Los compré para, un proyecto que no hice así que si puedo quiero hacerlo aprovechando los 3 que me quedan sin quemar.... 😅😅😅


----------



## Emis (Jul 25, 2018)

La idea es buena solo que puede que comparta el negativo de la fuente y así los negativos de las pilas

Sin pensarlo mucho puede que sea un gran cortocircuito


----------



## DOSMETROS (Jul 25, 2018)

Parece que al menos comparten el negativo de batería ! Ver última gráfica :

https://dlnmh9ip6v2uc.cloudfront.net/datasheets/Prototyping/TP4056.pdf


----------



## Emis (Jul 25, 2018)

Otra idea sencilla, utilizar cada 4056 por cada celda, unir los positivos de las celdas cada una con un diodo rápido, luego una plaquita DC step-up para lograr la tensión deseada


----------



## Nanotronik (Jul 25, 2018)

Emis dijo:


> Otra idea sencilla, utilizar cada 4056 por cada celda, unir los positivos de las celdas cada una con un diodo rápido, luego una plaquita DC step-up para lograr la tensión deseada


Eso ya se va al quinto pino de mis conocimientos en electrónica.... 
Si comparte como decís entonces no me la juego, así de claro... 
La otra duda es si podría hacer como tenía pensado al principio, es decir, hacer un montaje con las baterías y unirlas para que den los 12,6v y en cada paquete de dos en paralelo poner un TP4056 para cargarlas igual que haría el emax con una Li-Po 3S...


----------



## DOSMETROS (Jul 25, 2018)

Podés conectar 18650 en paralelo y en serie y cargarlas y usarlas , el tema es que no podés hacerlo eternamente , cada tanto habrá que ecualizarlas a mano (entiéndase medirlas y cargar las que tengan menos tensión) y con algún cargador especializado cómo el que tienes.


----------



## Nanotronik (Jul 25, 2018)

Entonces @DOSMETROS hago ésto y es lo mismo, no?
Cada pareja en paralelo la cargará a 4,20v...

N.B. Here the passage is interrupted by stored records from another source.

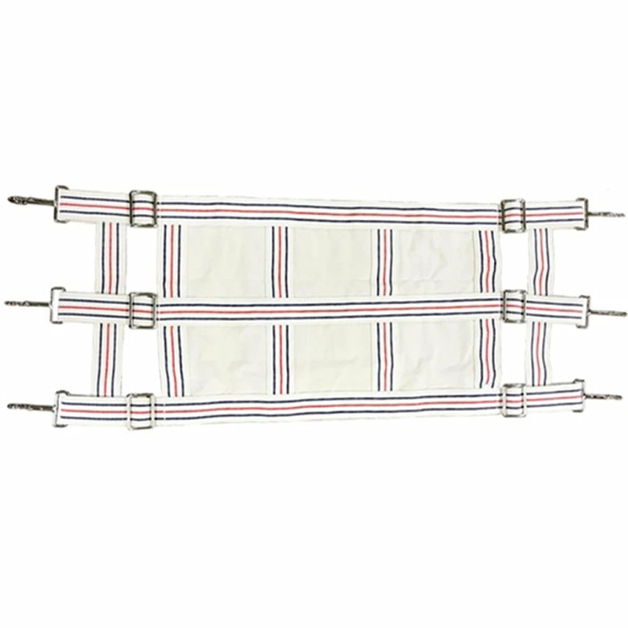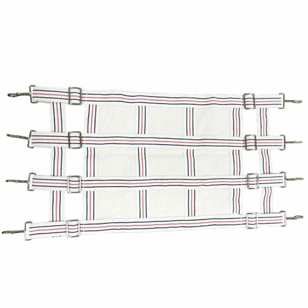 Cotton Stall Guard is made of rugged 2″ webbing stitched together. This white with royal and red striped guard is 16″ in height and adjust to 48″ in width. Heavy-duty nickel-plated hardware. Closed front to prevent the horse from putting a foot through it. Made with heavy-duty snaps.
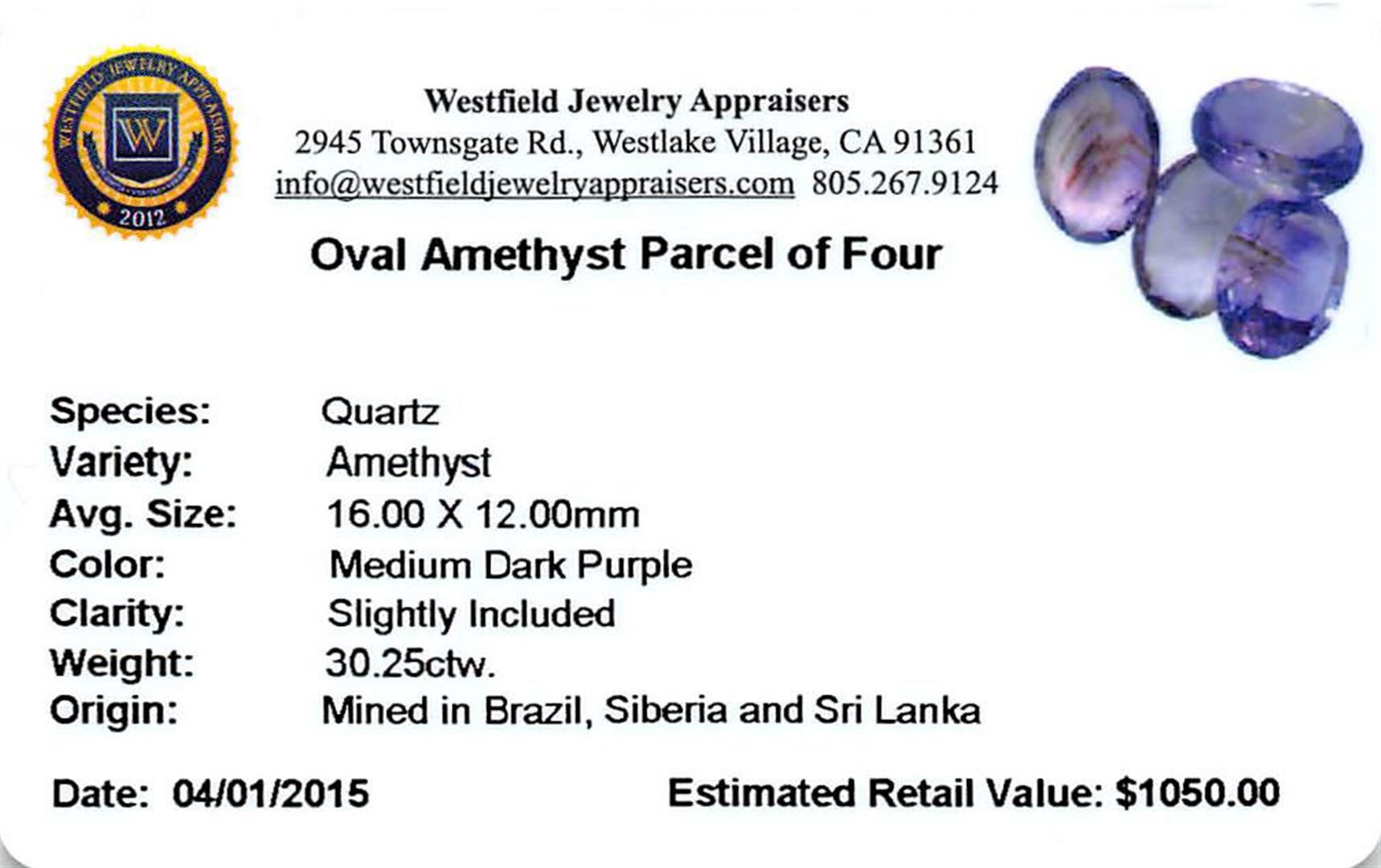 Four oval mixed cut natural amethysts exact total weight 30.25ct., clarity is slightly included, type II, medium dark, very slightly grayish, purple color, (GIA P 6/3), cut is good. Westfield Appraised at $1,050.00.
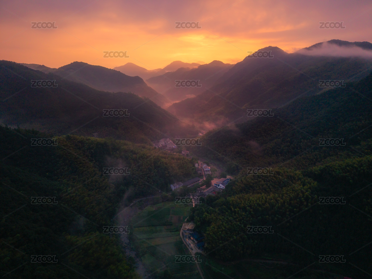 清晨,大山,大竹海,竹海,深山,村庄,乡村,盘山公路,山坳,自然风光
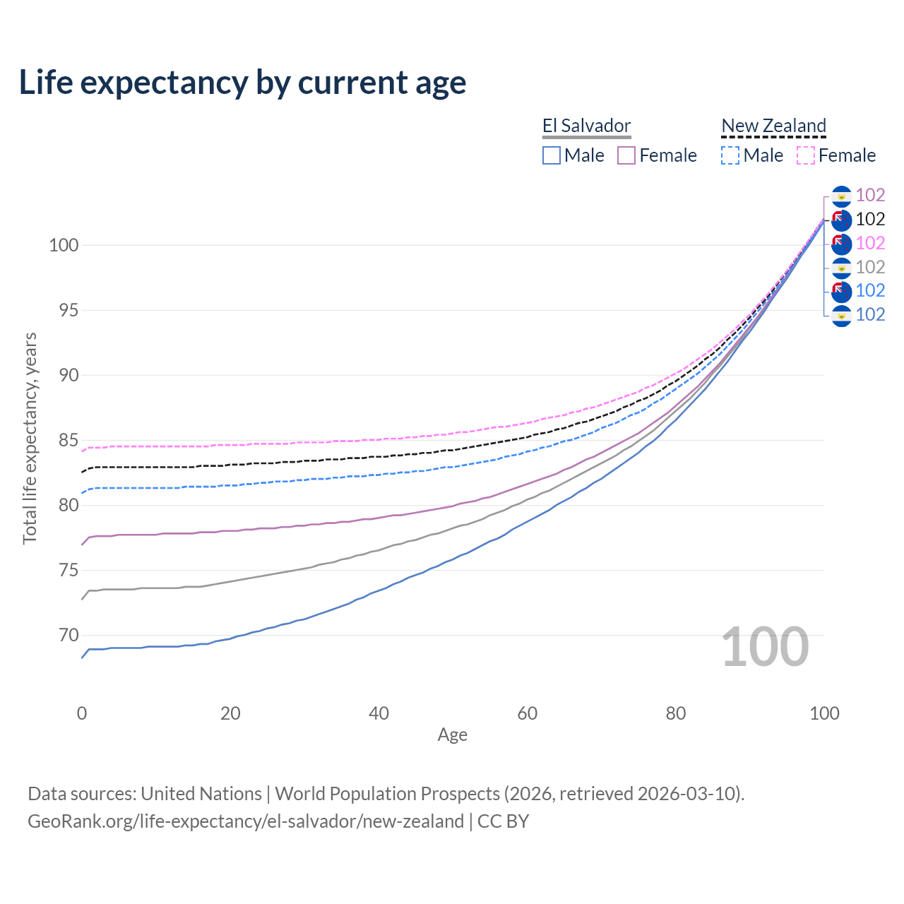 This life expectancy calculator shows the odds of living to 100, 95, 90, and below based on current age for both males and females in El Salvador and New Zealand, along with mean and median age of death. The calculations are based on the 2026 life tables (actuarial tables) from the UN World Population Prospects.
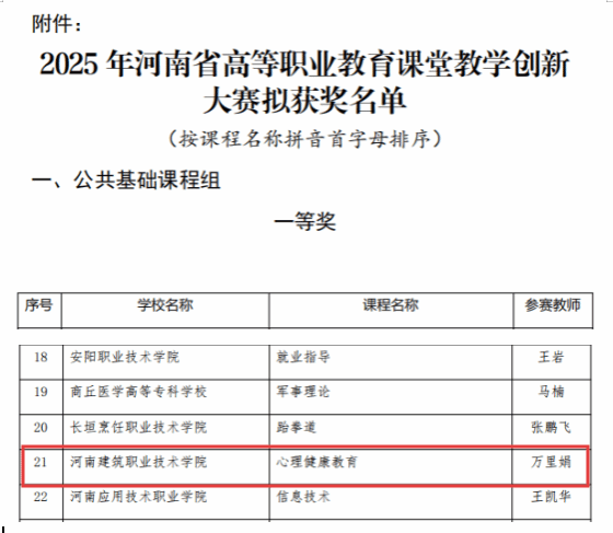 近日,河南省教育厅发布了《关于2025年河南省高等职业教育课堂教学创新大赛拟获奖名单的公示》,我校马克思主义学院教师万里娟凭借《大学生心理健康教育》课程的创新教学设计与精彩现场展示,从公共基础课程组众多参赛选手中脱颖而出,斩获一等奖,充分彰显了我校思政育人与心理健康教育深度融合的教学改革成效和教师队伍过硬的教学创新能力。
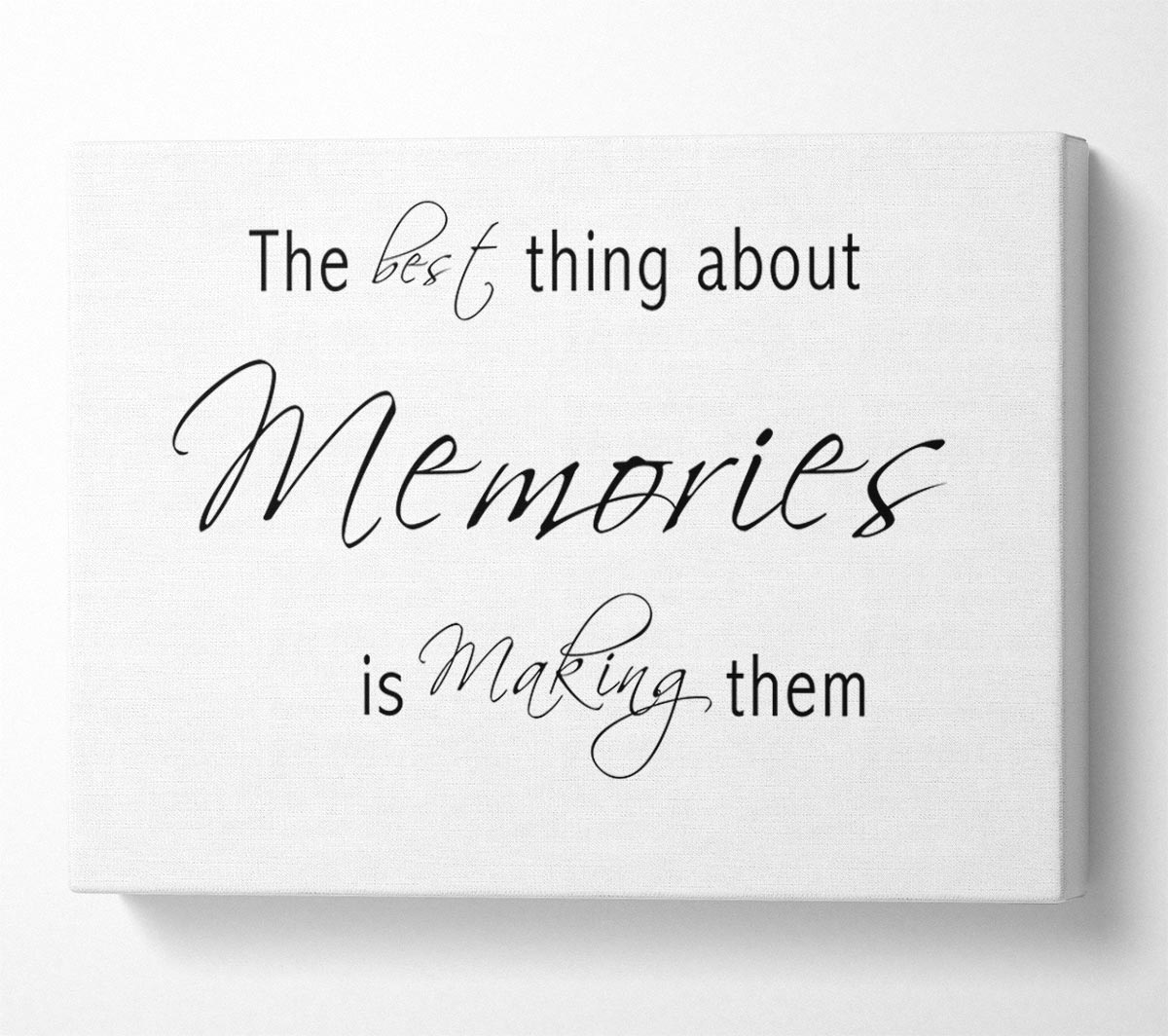 Love Quote The Best Thing About Memories 2 White Canvas Print handmade in the UK. Stretched over a 2 inch thick wooden box frame, ready to hang on your wall.
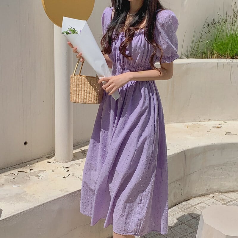 ウエストシャーリングパフスリーブワンピース 3color M0093
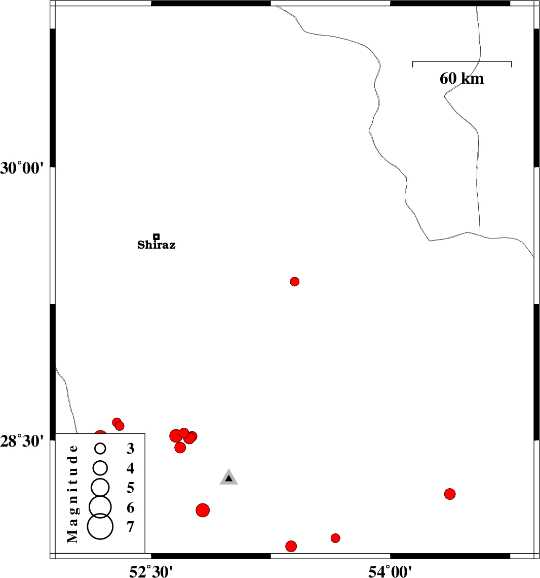 | 2018/04/16 | 15:32:17.7 | 20:02:17.7 | 28.112 | 52.823 | 16 | ML3.8 | Fars Province, 44 km South-West of Qir va Karzin | ||

Pero en vez de unir los TP4056 sólo tengo que unir las baterías serie....
Lo único que dudo que lo use mientras cargan porque entonces forzará las baterías y los cargadores...
Quizá le ponga el trago que traía el 5.1 y así lo puedo usar también a 220v...
Total, es pequeño y no le va a sumar gran cosa al peso...


----------



## Scooter (Jul 25, 2018)

Me apuesto algo a que eso es un bonito corto


----------



## Nanotronik (Jul 25, 2018)

Scooter dijo:


> Me apuesto algo a que eso es un bonito corto


Tú crees? Yo es que no me aclaro ☹️


----------



## Scooter (Jul 25, 2018)

Nanotronik dijo:


> Tú crees? Yo es que no me aclaro ☹️


Sencillo, si los módulos no tienen aislamiento eso es media docena de cortos.
Si tienen aislamiento cuestan un güebo


----------



## Nanotronik (Jul 25, 2018)

Entonces las cargo con el emax?
Puedo ponerlo en modo lío ion pero en serie no me deja cargarlas....
Y si lo hago con el modo Níquel Metalhidruro o Níquel Cadmio?....

Al final me veo haciendo una batería balanceada y dos conectores.....
O eso o comprando un módulo de carga....


----------



## Nanotronik (Jul 27, 2018)

Bien pues al final he comprado los módulos de carga balanceada...
Ahora la duda que tengo es si hacer el packs de 6 baterías con uno sólo o con dos y si usar un TP4056 o dos...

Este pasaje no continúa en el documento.